4.8. Western blotting analysis

AMPK and ACC antibody sampler kits were purchased from Cell Signalling (Massachusetts, USA). Anti‐GAPDH antibody from Sigma (Shanghai, China) and anti‐D2R, anti‐ERα and anti‐ERβ antibodies were purchased from Santa Cruz (Texas, USA). For cell experiments, 1 × 10⁷ cells were harvested, washed twice with ice‐cold PBS, lysed in RIPA lysis buffer with 100 mmol/L phenylmethanesulfonyl fluoride, and then centrifuged (12 000 rpm; 4°C; 20 minute) to collect the supernatants.

Samples of xenograft tumours and human PRLomas, were homogenised on ice in RIPA lysis buffer containing 100 mmol/L phenylmethanesulfonyl fluoride. Supernatants were collected after centrifugation.
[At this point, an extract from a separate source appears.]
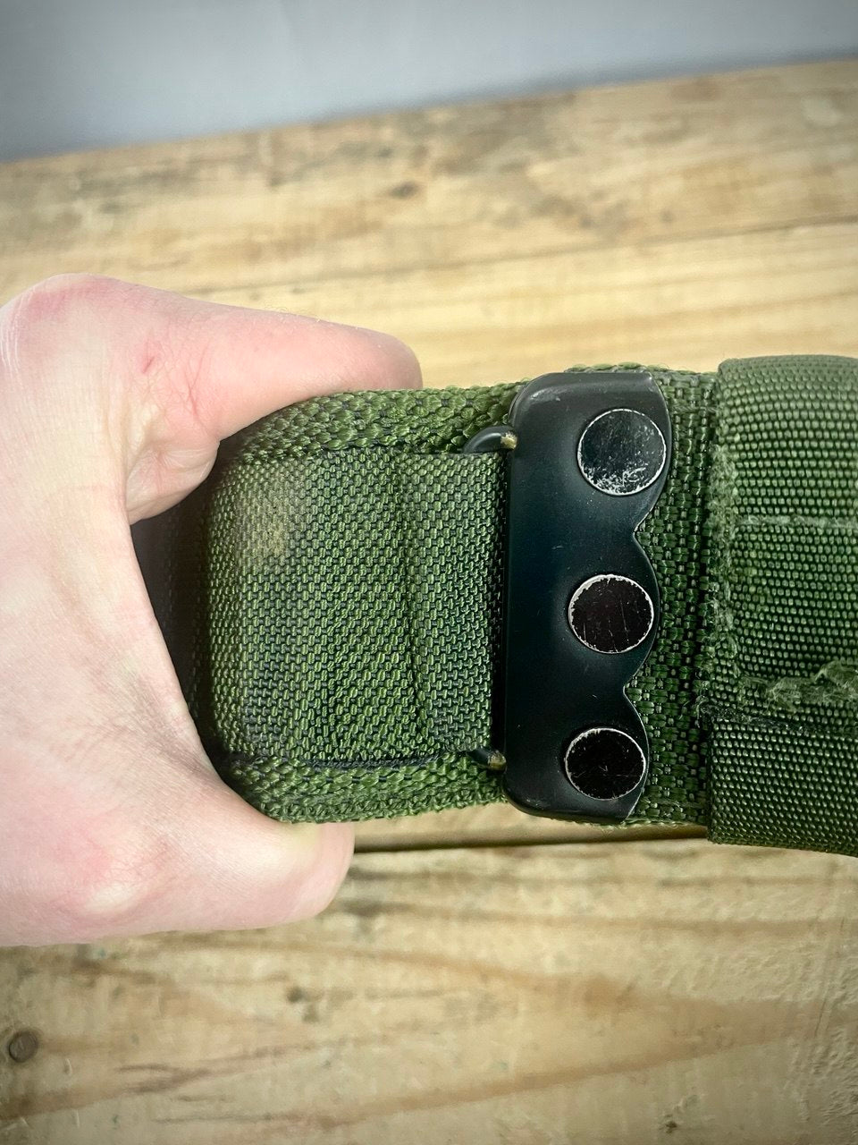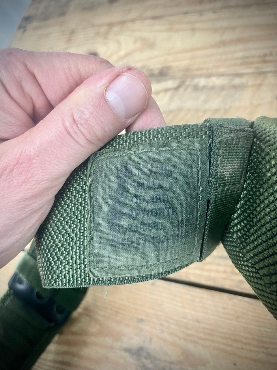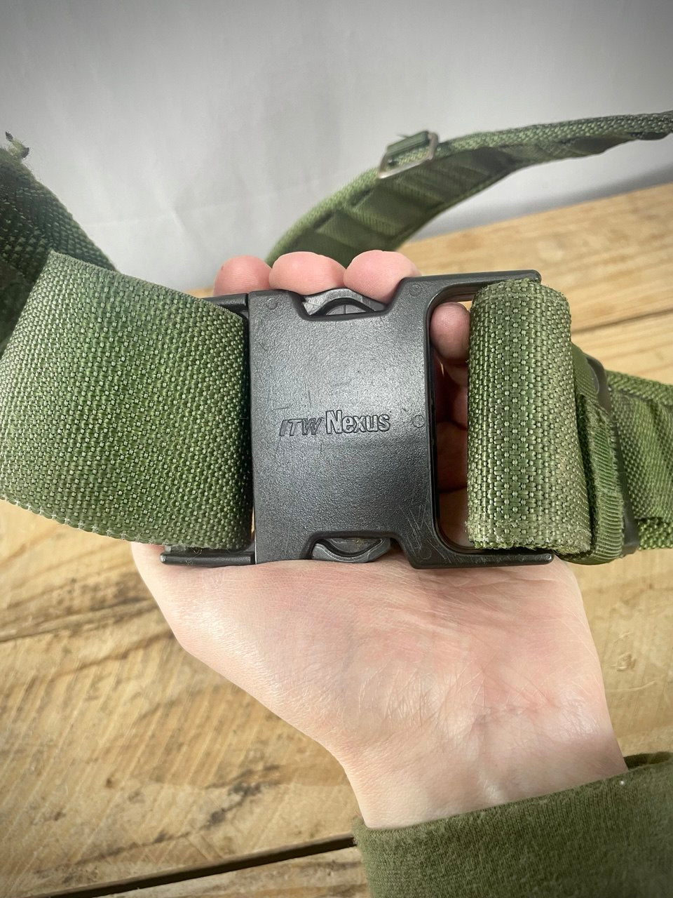 Saakelin jämäkästä nailonista valmistettu vyö, jonka ensisijainen tarkoitus on kannatella taisteluvarustusta. Ehtaa brittiarmeijan ylijäämää ja osa perienglantilaista PLCE-järjestelmää.
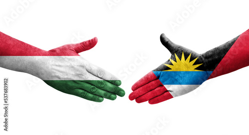 Handshake between Antigua and Barbuda and Hungary flags painted on hands, isolated transparent image.

We separated 10 μg of extracted protein on 12% SDS‐PAGE gel, which was transferred onto an Immobilon‐P membrane. Membranes were blocked in Tris‐buffered saline with 5% non‐fat milk, then probed with designated primary antibodies overnight at 4 °C and incubated with the relevant peroxidase‐conjugated secondary antibody (1:5000) for 1 hour at room temperature. Next, membranes were washed and visualised with an enhanced chemiluminescence system. The AMPK, D2R, ERα, and ERβ expression levels were quantified and normalised to the GAPDH control.